Another difference from Internet Explorer is in how Firefox handles secure Web sites, such as e-commerce or online banking sites. When visiting a secure site, Firefox highlights the address bar's URL in yellow and shows the Lock icon. If you click the Lock icon, you can review the site's security information and decide whether to continue. The domain name of the site you are visiting is also listed in the right-hand corner of secure windows, so you know the true source of every page. A criminal hacker might be able to spoof the location bar address, but he or she won't be able to spoof this secondary address display. Given all this security, we were still able to log on to secure financial sites, including Citibank.com and Fidelity.com, without any problems.

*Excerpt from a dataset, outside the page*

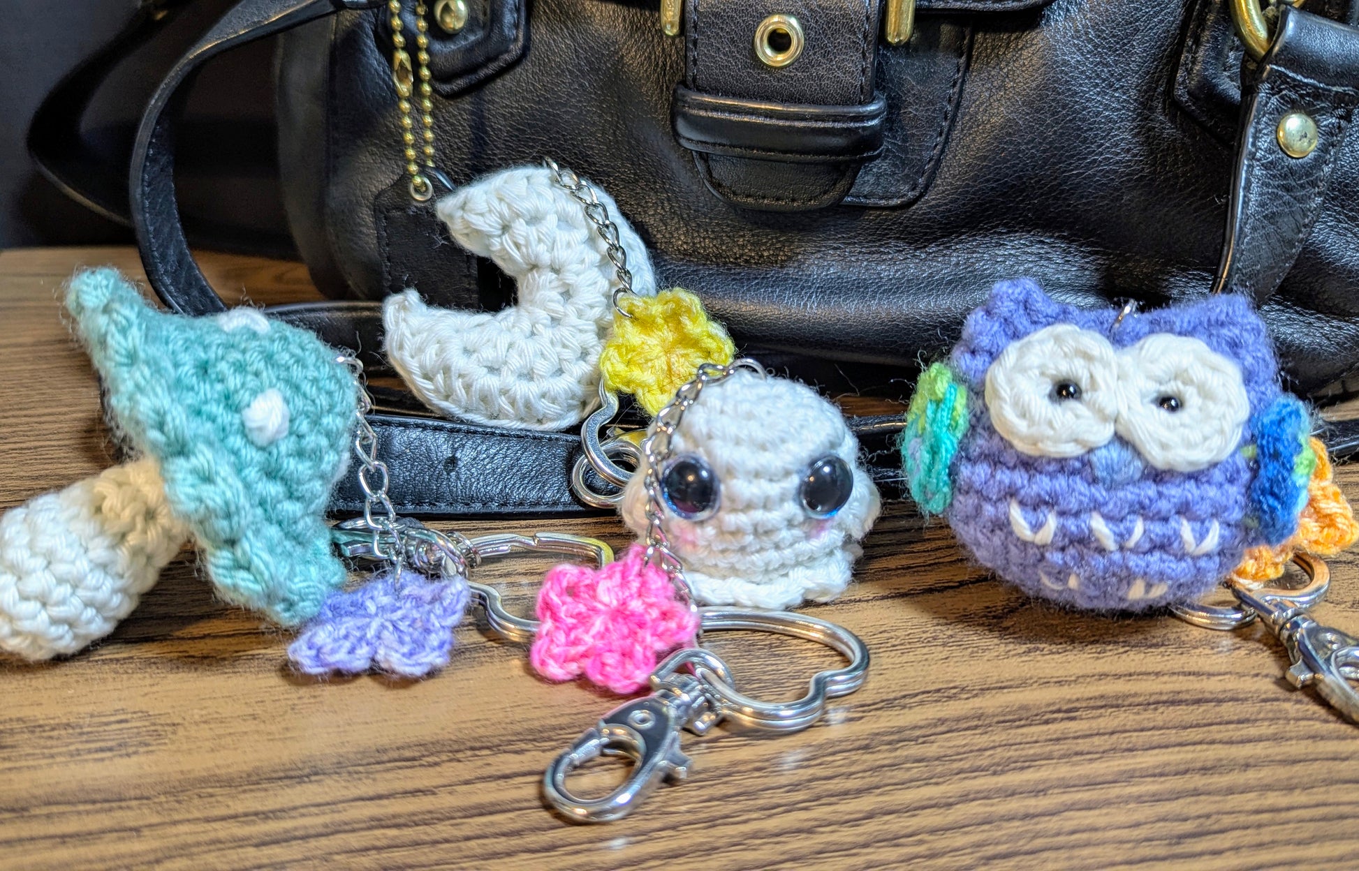 Crochet Glow-in-the-Dark Owl Bag Charm – The Luminous Night Collection – Made to Order

Extensions such as Chatzilla, an IRC client, can be easily downloaded from within the Firefox interface.

Like Microsoft, Mozilla has developers building helper applications for Firefox. While there are more plug-ins available for Internet Explorer, the Firefox plug-ins, called extensions, are much more varied in nature. For example, Chatzilla is an IRC chat client, Adblock blocks flash advertising from Web sites, and Mouse Gestures lets you navigate using simple mouse movements. There are currently 170 extensions available for Firefox, compared to several hundred plug-ins currently available for Internet Explorer.

Service and support of Mozilla Firefox

During our three-week test period, Firefox didn't crash once, which was encouraging, considering it was still a prerelease version. Firefox is based on open-source code, which is both a good and a bad thing when it comes to getting support. On one hand, hundreds of open-source developers worldwide are working to create new apps and troubleshoot bugs. You can reach many of them through Mozilla's Web site, which features a rich knowledge base of potential problems and fixes, plus numerous message boards where experts can answer your tech-support problems. For example, we had difficulty using Launch.com with Firefox, and after consulting the message boards, we were able to identify the problem quickly. Mozilla can also connect you with real-time chats. Unfortunately, telephone support from Mozilla costs $39.99 per incident. Microsoft charges $35 per incident for both e-mail and telephone technical support.